Иногда к нему заходил отец, садился у его ног на край дивана и заговаривал о делах. Начался нэп, разрешили частную торговлю, и у отца появились надежды. Он уже открыл рыбный ларек на рынке — ничтожное, копеечное дело. А между тем ему удалось восстановить некоторые свои старые деловые связи с рыбопромышленниками на севере, такие связи, каких здесь никто из рыбников не имеет. Если бы у него были теперь капиталы, в таком большом городе, как Петроград, можно было бы развить настоящее дело. Отец вздыхал. К сожалению, ему ничего сохранить не удалось. Вот если бы оказалось, что Миша кое-что привез из-за границы... Но раз он ничего не привез, так нечего об этом и говорить. В таком случае хорошо было бы, если бы Миша поступил на советскую службу. В самом деле, почему бы не поступить? Тут дело не в заработке, заработка это не даст почти никакого, а вот к семье будут иначе относиться...

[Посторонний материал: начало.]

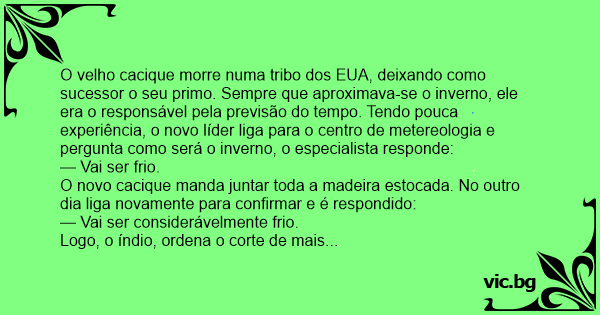 O velho cacique morre numa tribo dos EUA, deixando como sucessor o seu primo. Sempre que aproximava-se o inverno, ele era o responsável pela previsão do tempo. Tendo pouca experiência, o novo líder liga para o centro de metereologia e pergunta como será o inverno, o especialista responde:
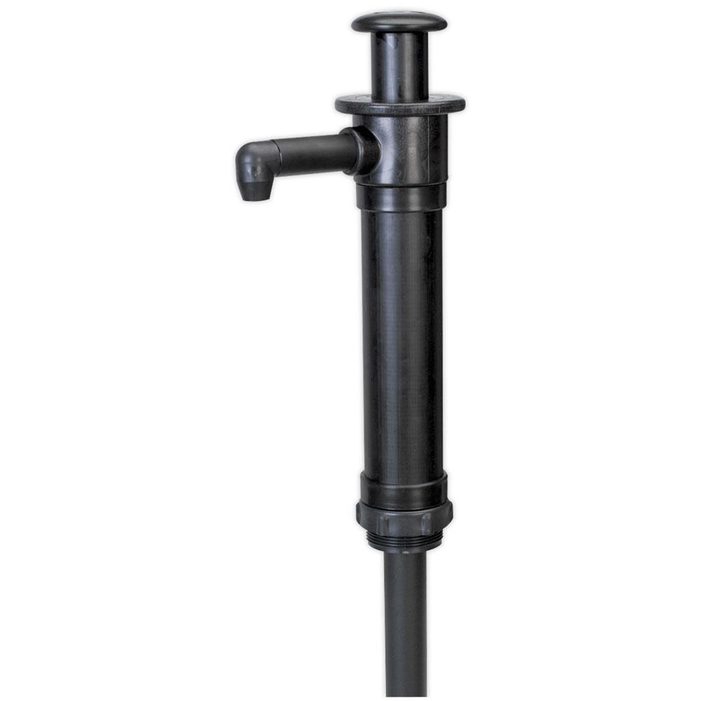 Self-priming, pistonless, displacement pump fitted with non-drip nozzle and 2"BSP adaptor and dip-tube. Suitable for oils, antifreeze, degreasants and other non-corrosive fluids. Fitted with nitrile seals. Approximately 250ml delivery per stroke. Accessory kit allows use on most containers and drums from 25-205L.

— Скажите, папаша, чем вы садитесь в поезде на скамейку?
Отец задумался.
— Задом,— отвечал он простодушно.
— А я пассажиром!
Нет, Миша не идиот, чтобы поступать здесь на службу. Ничего здесь Миша делать не станет. Какой смысл что-нибудь делать в стране, где государство само ведет торговлю, где земли и заводы не продаются и не покупаются? Миша чувствовал себя пленником. Он лежал на диване и думал о побеге.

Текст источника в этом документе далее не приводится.